Problems with “Record Swapping”

So far a whole process has been followed to evaluate a list of proposed disclosure control measures, present a methodolody to evaluate them, shortlist some, and perform more in-depth research about their utility and privacy. There is a lot of repetition in these documents, a few ad-hoc indicators of quality and privacy, and no security analysis what-so-ever about inference attacks on the proposed schemes. The subject of ” disclosure by differencing” is left as a suggestion for future work in the latest interim report, while the only method left on the list is Record Swapping, as well as ABS, that has apparently not been tested yet at all.

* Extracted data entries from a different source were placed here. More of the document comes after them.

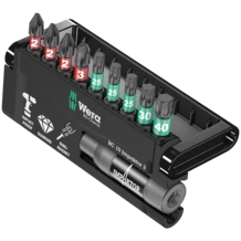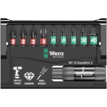 Bit-Check robusto della Wera. I Bit-Check consentono di individuare rapidamente l'utensile giusto. Gli inserti che non vengono utilizzati possono essere rimessi nel Bit-Check e non vanno persi. Facili da trasportare, ad es. nel taschino di una camicia. La tecnologia Impaktor per avvitatori ad impulso, fa sì che l'utensile raggiunga una durata straordinaria anche in presenza di forti sollecitazioni. Il rivestimento ruvido di diamanti, grazie all'elevata resistenza di attrito, riduce il rischio che l'utensile scivoli dalla vite. Portainserti Impaktor per assorbire i picchi d'impulsi. Speciale effetto di torsione grazie alla molla doppia di torsione. Con magnete ad anello per mantenere anche viti pesanti e lunghe, ideale per lavori a braccia alzate, adatto in particolar modo per l'uso con gli avvitatori ad impulso / a percussione attualmente sul mercato. Il magnete può essere spostato indietro e quindi essere disattivato.
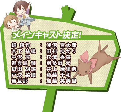 The official website for the anime adaptation of Shiratori Shirow and illustrator Kippu's No-Rin romantic comedy light novel series has revealed the anime's main cast. The cast remains unchanged from the drama CD version:
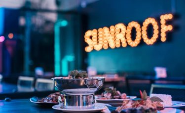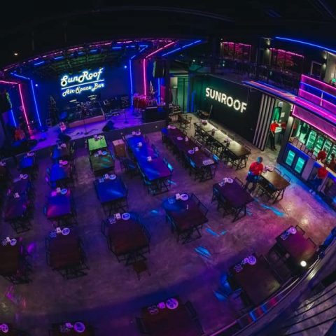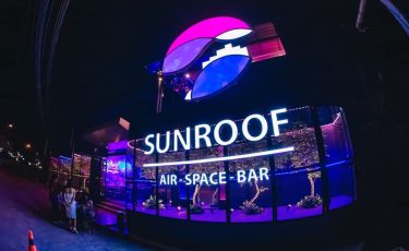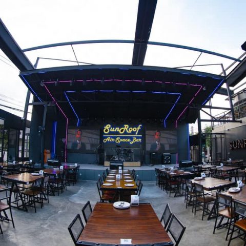 Sunroof air space bar เป็นร้านอาหารเปิดใหม่ที่ให้บรรยากาศแสงสีที่ชวนหลงไหล มีดนตรีสดตลอดคืน ภายในร้านมี 2 ชั้นให้ลูกค้าได้เลือกนั้ง มีบริการห้องคาราโอเกะแบบส่วนตัว สำหรับอาหารของร้านนี้ถือว่าเป็นเรื่องจริงจังอย่างมาก คัดสรรในเรื่องของวัตถุดิบ และมีการปรุงรสโดยเชฟที่มีฝีมือ เมนูเด็ดของทางร้านที่มาแล้วต้องสั่งคือ ปลากะพงทอดน้ำปลากับยำแอปเปิลเขียว, ตำหลวงพระบาง, ข้าวผัดซันรูฟ, ซุปเปอร์ปีกไก่, หมูมะนาว, กุ้งคั่วพริกเกลือ ซึ่งอาหารแต่ละเมนูถือว่า เข้าถึงรสชาติ และอร่อยจนวาง ช้อนไม่ลงเลยทีเดียว
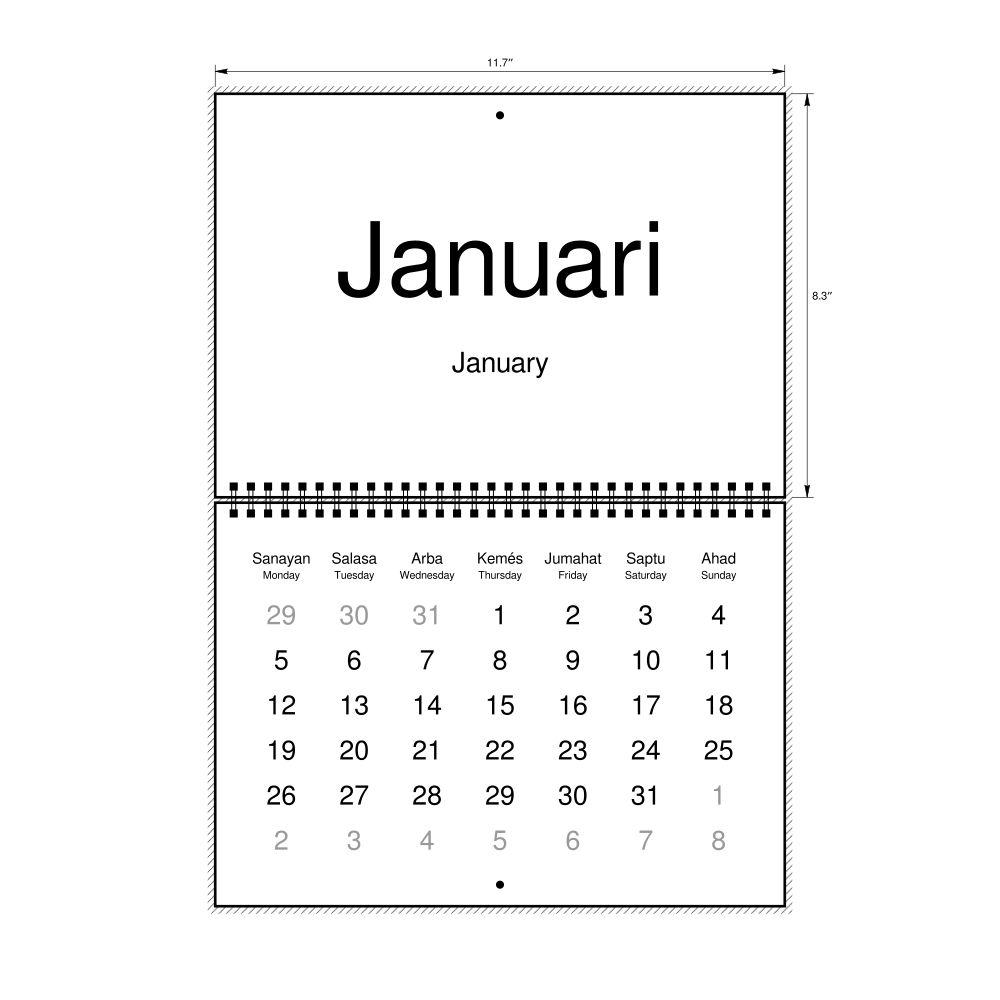 2027 Wall Calendar, Banjarese-Labeled, Monday-Start Layout, Wire-Bound, 11.7 x 8.3 in (29.7 x 21.0 cm)
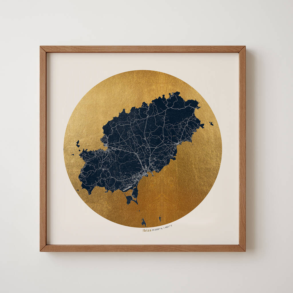 Ibiza Map Print: Gold Leaf Circular Screen Print
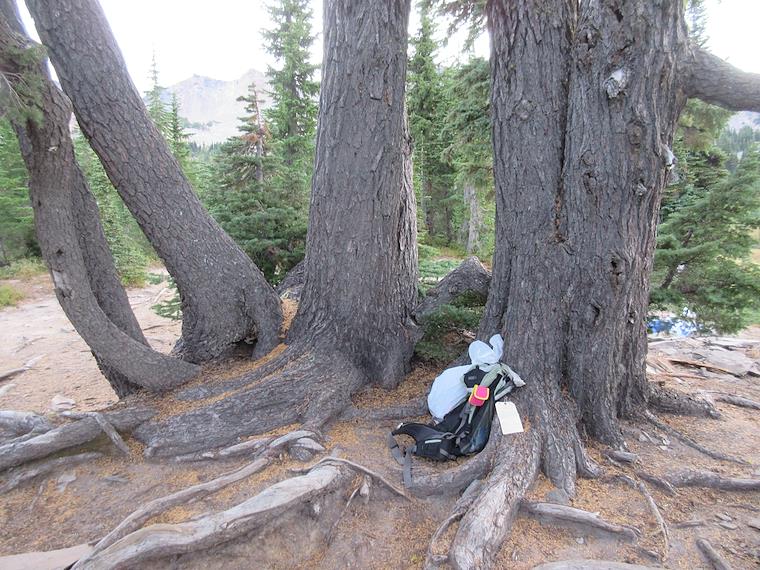 My pack, sitting on top of pine needles against the trees to try to avoid the ever-present dust
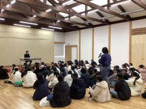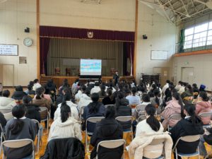 朝食後、生徒たちは大沢コミュニティセンターに移動して、合同会社COCOSATO代表の阿部彩人氏の講演を聴講しました。阿部氏はドラマ、楽曲などエンタメコンテンツの製作の経験を通して、酒田の魅力を発信し続けてこられた方です。また、2024年7月に酒田市に甚大な被害をもたらした豪雨災害からの復興にも尽力され、現在は酒田市大沢地区に住みながら、地域おこしをされています。人口が減少していく酒田市の地域づくり、地域おこしには「ないものねだり」ではなく「あるものさがし」をし、それを磨くことで、地域の持つ特徴や絆を(楽しく)発信することが大切だと語られました。生徒たちも真剣にメモを取りながらお話を聴き、質問も多く出ました。豪雨災害の時は、阿部氏も大変落ち込まれたそうですが、大沢地区の方々と話をする中で、どの方も後ろ向きなことを言わなかったことに逆に励まされたというお話が印象的でした。

Why is that a problem? Records include many other potentially identifying fields aside from location. Since the rest of the record stand as it is, and is aggregated into tables, with a secret small cell adjustment technique, we cannot really be sure at all that there are no re-identification attacks. (Apparently revealing the details of the technique cannot be divulged for confidentiality reasons, violating even the most basic principle of security engineering! See page 3).

The utility measures used to assess how acceptable these disclosure control measures will be to data users (Shlomo et al.), are themselves very simplistic and do not offer very tight bounds on possible errors but I will leave this matter for the statisticians to blog about.

To make the problem worse, this time the ONS, is seriously thinking of allowing data users to submit their own queries to the database of statistics. The queries are not likely to be full SQL any time soon, but tables on 3 categories (called cubes) are likely to be allowed. This leaves wide open quite a range of attacks in the literature on inference in statistical databases.

At this point there is absolutely no evidence that the disclosure control scheme is actually secure, which in security engineering means that it is probably not.

How did we get to this situation?

It seems the bulk of the work on disclosure control has been done by the ONS, in conjunction with researchers from the University of Southampton. None of the authors of any of the evaluations has a substancial research experience in privacy technology or theoretical computer security that deals with these privacy matters in a systematic way.

What is revealing is the fact that the most relevant related work is never mentioned. It includes:

  • The work of Denning on trackersand inference in statistical databases (1980). Instead the archaic term “differencing” is used.
  • The work of Sweeney and Samarati on linkage attacks and k-anonymity (1997).
  • The work of Dwork on Differential Privacy (2007), which is the most current and strongest definition of privacy for statistical databases.

These works show repeatedly that ad-hoc inference control measures, that only aim to suppress a handful of known and obvious attacks, are systematically bypassed.

Dwork in her work on Differential Privacy (that won the 2009 year’s PET Award) provides clear arguments on why simpler ad-hoc techniques cannot provide the same guarantee of privacy: their results can be aggregated with side information known to the adversary to facilitate inference. Differential privacy on the other hand guarantees that the results of a query to the database, or published table, reveals no more information when composed with other such queries or any side information. 

This is a hot topic in research today, and all the details may not be ready for a census in 2 years time. This does not justify the ONS’s ignorance of this field.